The “turn to history” in international law makes us more aware of our role in creating the history with which we grapple. Cultural heritage law in particular plays a direct role in making and querying the historical record, and recent controversies in Australia surrounding the destruction of Indigenous heritage and the obstinate protection of colonial heritage showcase our responsibility in ‘selecting’ the past for the benefit of present and future generations. Australian can and should do better, and international law offers tools to help us make better choices about the history we protect.
International law has long had a difficult relationship with the past. While many international lawyers fancy themselves historians, with a much-discussed “turn to history” in international legal scholarship, there is not enough recognition that international law freezes history in time, erases difficult pasts, and allows us to perpetuate injustice at home and globally. Cultural heritage law illustrates this relationship in vivid detail, while also making it clear that the law still has a role it can play in constructing a better present and future on the basis of that past. As Anne Orford argues, we have a role in using history to make, rather than simply understand, international law.
In Australia, two examples underscore the inconsistencies of international law’s relationship to history: first, the destruction of Juukan Gorge, which, decried as it was, was not illegal at the time it happened; and second, the calls for the tearing down of Captain Cook monuments, which are in fact illegal.

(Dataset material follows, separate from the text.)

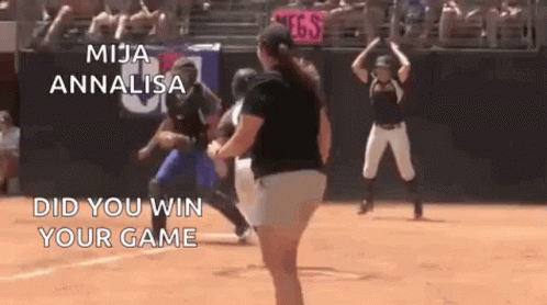 Mija Annalisa slides into home plate during a softball game, followed by the on-screen question 'Did You Win Your Game?'

The function of heritage laws
Governments around the world protect statues under heritage laws and charge those who attempt to deface or remove them with property destruction, as evidenced in Sydney in 2020, when people were charged with defacing statues of Captain James Cook. In the United States, United Kingdom, and Belgium, governments have similarly protected controversial monuments, including statues of confederate generals, slave owners, and cruel colonial overlords under cultural heritage laws.
However, such actions by states betray the spirit of the heritage laws that governments notionally seek to uphold. When the United Nations Educational, Scientific, and Cultural Organization (UNESCO) was created after the Second World War, its mandate included the protection of cultural heritage.Since then, it has shaped how heritage is protected in the 193 countries that are parties to it.
The UNESCO Constitution states that culture is important to safeguard peace and that ignorance about each other’s cultures often contributes to conflict. In this way, culture, and cultural heritage more specifically, is about the society we want to be, not the society we once were. As George Orwell famously put it, “Who controls the past controls the future; who controls the present controls the past”.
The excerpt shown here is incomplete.